Po tych słowach Górska zaczęła wyjaśniać Markowi o co chodzi. Tymczasem całe zdarzenie obserwował Jawor który zobaczywszy jak aspirant sztabowy Marek Korwicki puszcza oko jego partnerce, a ona uśmiecha się poczuł coś w rodzaju zazdrości. Nie dość że jej chłopak gagatek z kręconymi włosami, bałwan Mateusz od pewnego czasu szedł przez życie podwójna ścieżką, to jeszcze dodatkowo jakiś laluś nie zaprzeczył że Marek to przystojny, wysoki brunet zaczął ją podrywać na jego oczach. Zabolało go to chociaż wiedział że nie może na to sobie pozwolić gdyż starsza aspirant Dagmara Górska jest jego partnerką z pracy ma chłopaka, ma ułożone życie prywatne i nie może wchodzić do jej życia prywatnego swoimi " butami ", a przede wszystkim nie może dopuścić aby ta iskierka, myśli czy uczucia które zaczęły się w nim rozwijać się na tyle silnie by nim zawładnęły.
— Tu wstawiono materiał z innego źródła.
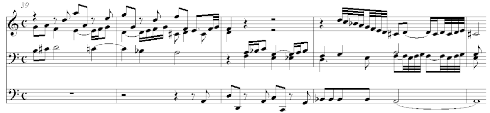 Fugalna procedura raspada se pri kraju fuge kada joj se dopušta slobodna sekcija, kao u primjeru 4:
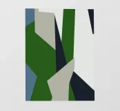 Un'immagine astratta con forme geometriche interconnesse in colori tenui come il verde, il grigio e il blu. La composizione crea un senso di movimento e complessità.
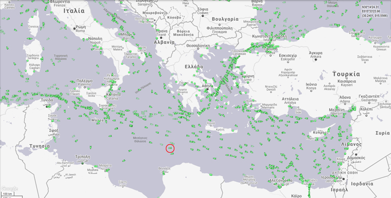 Η φρεγάτα Σπέτσαι παρακολουθεί διακριτικά από απόσταση 10 μιλίων και το τουρκικό φορτηγό Cirkin, καθώς και τις τρεις τουρκικές φρεγάτες.
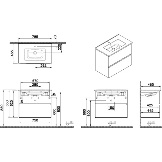 Тумба с раковиной VitrA Mia Plus Square 69742 78,5 см, подвесная, белый глянец
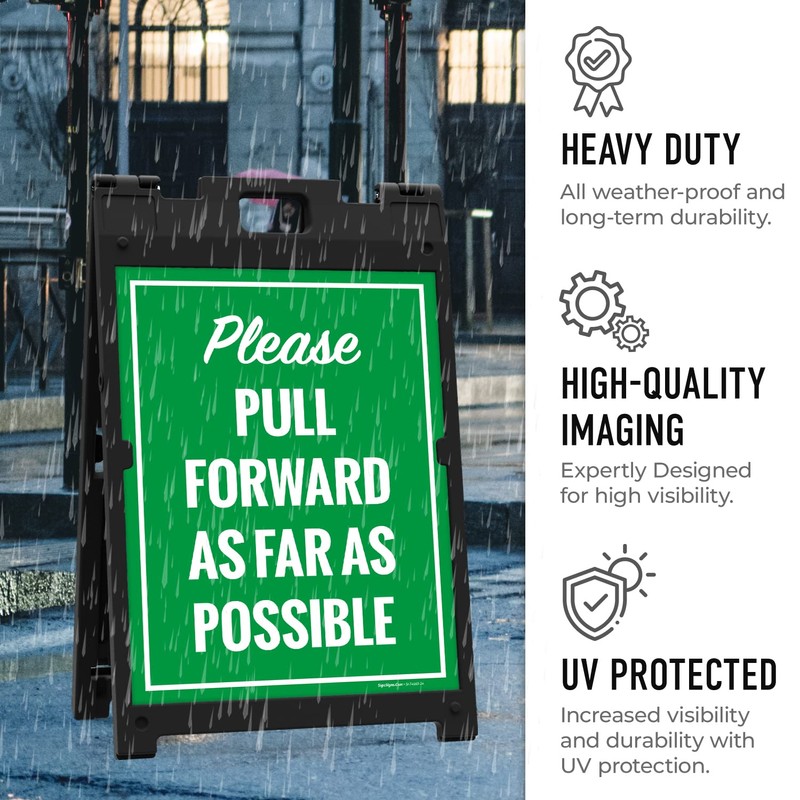 Please Pull Forward As Far As Possible Sidewalk Sign Kit, 18x24 Inches, With A Frame Stand, Made in USA
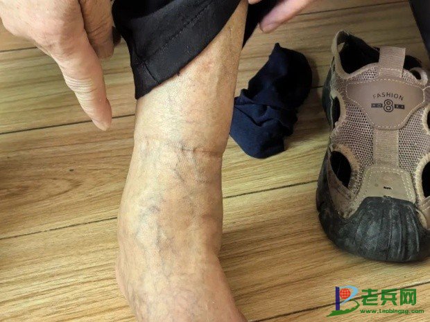 弹片长年滞留在体内导致老人的腿部变形

Jednak mimo jego dobrych chęci i wysiłku w pokonywaniu tego uczucia siła tych uczuć była coraz większą. Jawor po tym rozmyślaniu szybko otrząsnął się i wrócił do rzeczywistości, zaczął ponownie mówić spokojnym głosem do Ewy wcześniej jednak usiadł na kamieniu, a Ewa również usiadła na jego kolanach nic nie mówiła tylko patrzyła na Lunę. Korwicki po wyjaśnieniach Górskiej bez problemu zgodził się i od razu razem z Luną udał się w stronę małej i Jawora. Po paru krokach był już przy nich, po czym kucnął i zabrał głos:
- Część jestem Marek, a ty? ... Pewnie mały słodki aniołek o kręconych blond włosach
Widząc że Ewa popatrzyła na niego nic nie mówiąc, za to głos zabrał Jawor.
- Nie wiem czy to coś da?
- Spokojnie Tomek daj mi chwilę
Po tych słowach Korwicki kontynuował:
- Wiesz ja też mam syna mniej więcej twojego wzrostu Igor ma na imię, a właściwie powinien mieć na imię cwaniak co on nie wymyśli, a ty pewnie grzeczna jesteś jak aniołek, zresztą jak mówiłem wcześniej wyglądasz na aniołka
Ewa się uśmiechnęła po czym wyciągnęła rączkę by pogłaskać Lunę, Jawor widząc to nic nie mówił za to Marek mówił dalej.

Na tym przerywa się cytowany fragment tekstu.